Ed Bott is an award-winning technology writer with more than two decades' experience writing for mainstream media outlets and online publications. He's served as editor of the U.S. edition of PC Computing and managing editor of PC World; both publications had monthly paid circulation in excess of 1 million during his tenure. He is the author of more than 25 books on Microsoft Windows and Office, including the recently released Windows 7 Inside Out.

Talkback Most Recent of 72 Talkback(s)

  • Existing copies of XP don't expire want to bet?
    OEM and Boxed Set Users copies need activation after re-installation. If MS Playsforsure is anything to go by. At 2015 will just turn XP activation servers off for good so reinstall will no longer be a option for all OEM and Boxed set users.
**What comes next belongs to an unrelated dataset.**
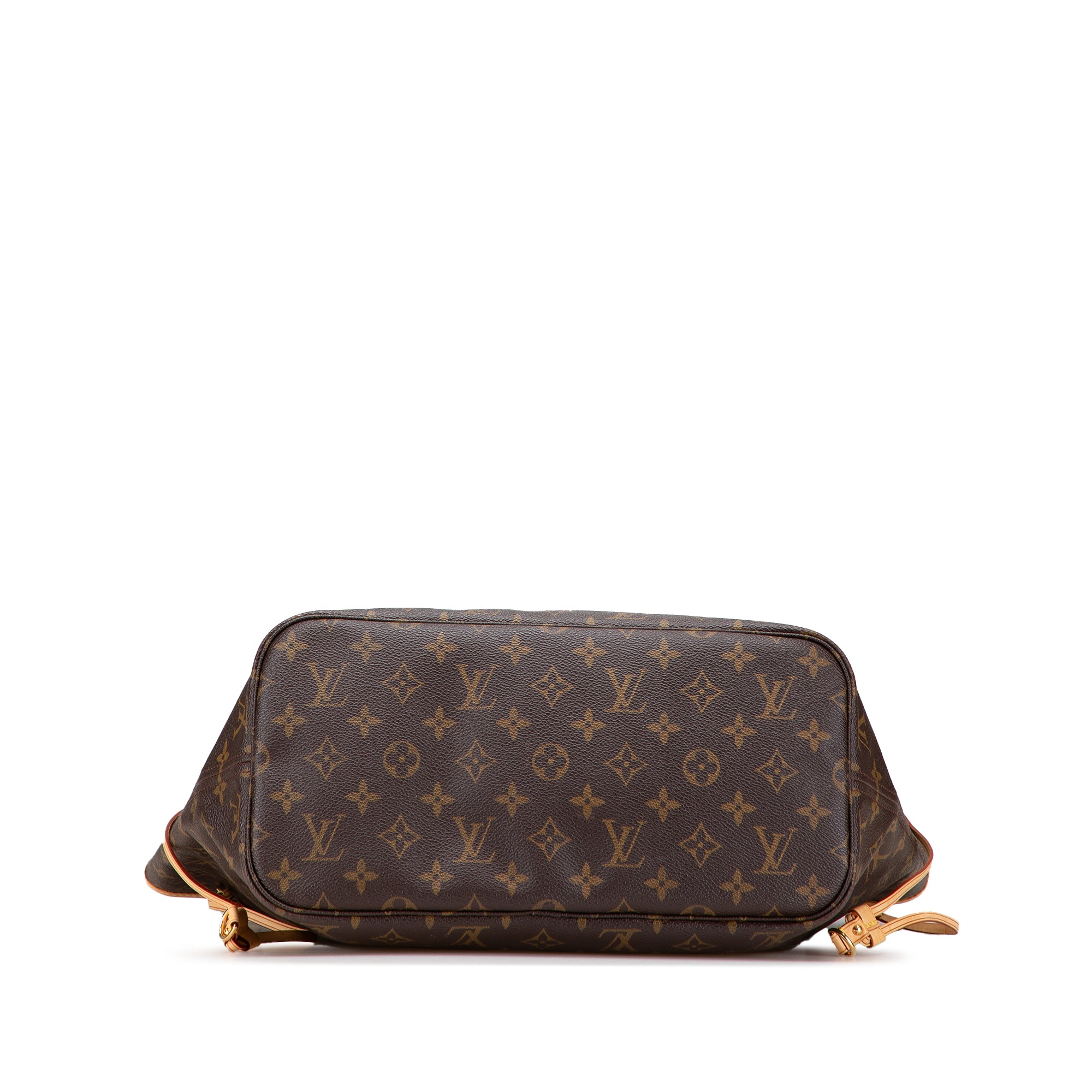 The Neverfull MM features a monogram canvas body with vachetta leather trim, flat vachetta leather handles, an open top with a lobster clasp closure, and an interior zip pocket. Inclusion: Dust bag. Retail Price: 2030.00

Past this point the only people who will still be able to use it are copyright breachers and companies with VLK.

    There is nothing in the OEM or Boxed Set Licenses that say that MS has to free the old XP OEM and Boxed Set from the activation servers.
    ZDNet Gravatar
    oiaohm
    13th Jul 2010
  • ZDNet Blogger

    Not exactly
    OEM copies from royalty OEMs do not need activation at all. They are preactivated, and if you reinstall that image from the original OEM media the activation status is preserved.

    In the past, Microsoft has publicly said if they ever decide to shut activation servers down they will release a patch that will eliminate the need for activation.
    ZDNet Gravatar
    Ed Bott
    13th Jul 2010
  • Boy history is a bugger.
    Royalty OEM's most of those cannot be moved to new motherboards. I forgot about those uglys where you don't always have media at all it was on the harddrive so leaving you screwed. If you do have media they install a stack of junk programs as well.

    I should have been more exact. The ones where you get a real looking Windows disk from MS that only installs windows will no longer work of the OEM if the server gets turned off.

    Playforsure MS made the same kind of promise about activation servers. Then they just turned them off.

    Actions say more than words.

    There is no need to release a patch by the way. Formally release VLK key generator for XP would do the job.

    That they say a patch should be a worry since that could make XP unstable or other bad things as well. VLK key release would be simplest and the safest and MS has not promised todo that.
    ZDNet Gravatar
    oiaohm
    13th Jul 2010
  • OEM keys work... if you know what you're doing...
    @olaohm I know it isn't exactly kosher, but you can use some (maybe most, maybe all) OEM keys with the "System Builder" CD sets you get at places like Microcenter and Newegg - at least with Windows XP. A friend's Compaq died on her, so I used her completely legit OEM Compaq installation key on a Dell that came with a Windows ME key, and it worked like a charm - no activation or anything.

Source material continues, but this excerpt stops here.